**Dataset extract**
▼

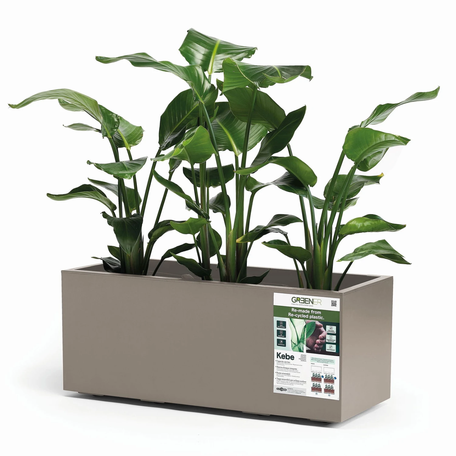 Der Pflanzkasten KEBE von Euro 3 Plast besteht aus hochwertigem, hitze- und UV-resistentem Kunststoff und präsentiert sich in der neutralen Farbe Taupe. Dieser Pflanztrog bleibt dank der feststellbaren Bodenrollen mobil. Die doppelwandige Ausführung und ein integrierter Wasserspeicher lassen ein optimales Mikroklima für alle Zier- oder Nutzpflanzen entstehen.
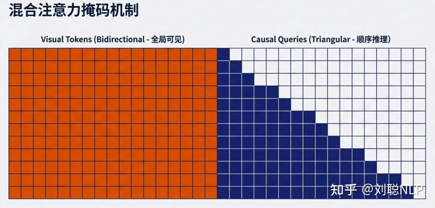 (Query to Visual): 所有的 Query Tokens 都能看见所有的 Visual Tokens。这保证了查询时能利用全图信息。 - 右下角
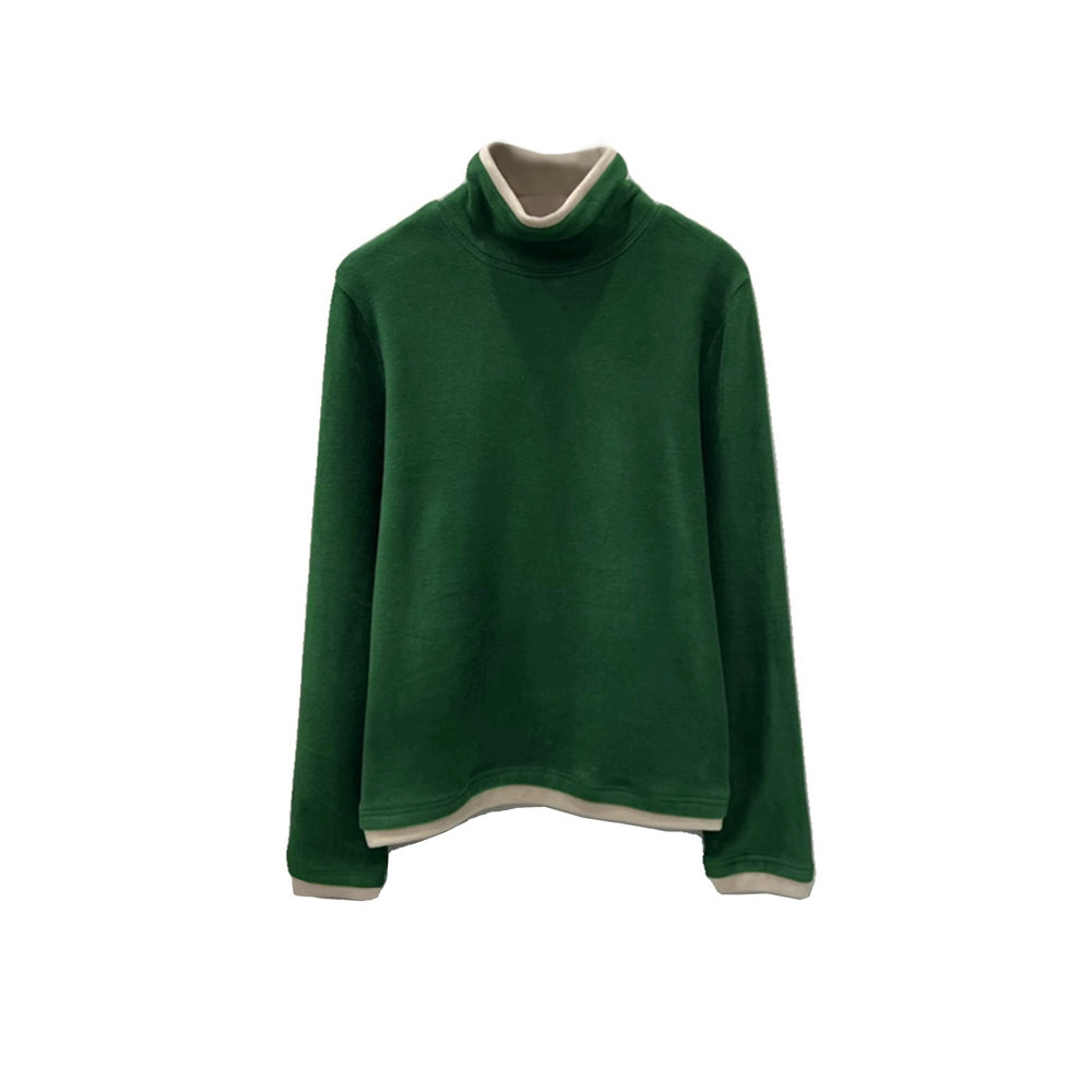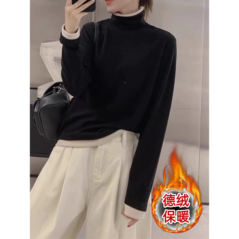 打底衫 秋冬季 高领假两件设计感德绒长袖 上衣撞色女装 遮肉显瘦 新款
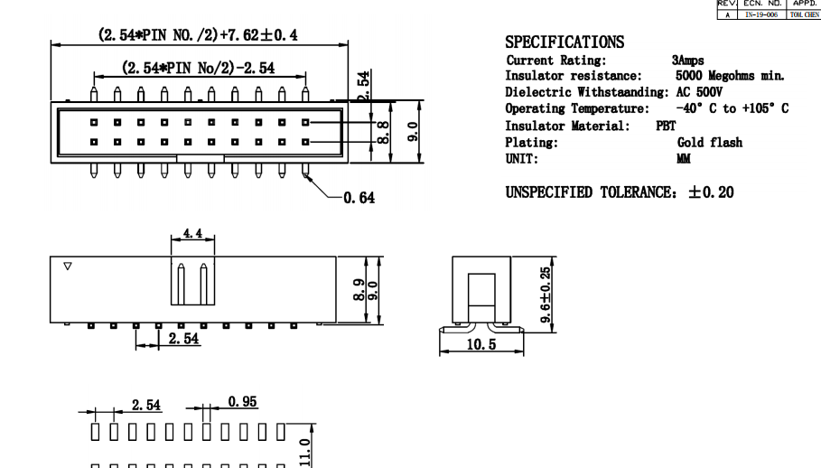簡牛 2*3p 貼片式 2.54mm數據手冊PDF下載

▲

**Requirement**
Quote all the lines above exactly as given. Do not include the pictures.

**Task output**
 Der Pflanzkasten KEBE von Euro 3 Plast besteht aus hochwertigem, hitze- und UV-resistentem Kunststoff und präsentiert sich in der neutralen Farbe Taupe. Dieser Pflanztrog bleibt dank der feststellbaren Bodenrollen mobil. Die doppelwandige Ausführung und ein integrierter Wasserspeicher lassen ein optimales Mikroklima für alle Zier- oder Nutzpflanzen entstehen.
 (Query to Visual): 所有的 Query Tokens 都能看见所有的 Visual Tokens。这保证了查询时能利用全图信息。 - 右下角
 打底衫 秋冬季 高领假两件设计感德绒长袖 上衣撞色女装 遮肉显瘦 新款
簡牛 2*3p 貼片式 2.54mm數據手冊PDF下載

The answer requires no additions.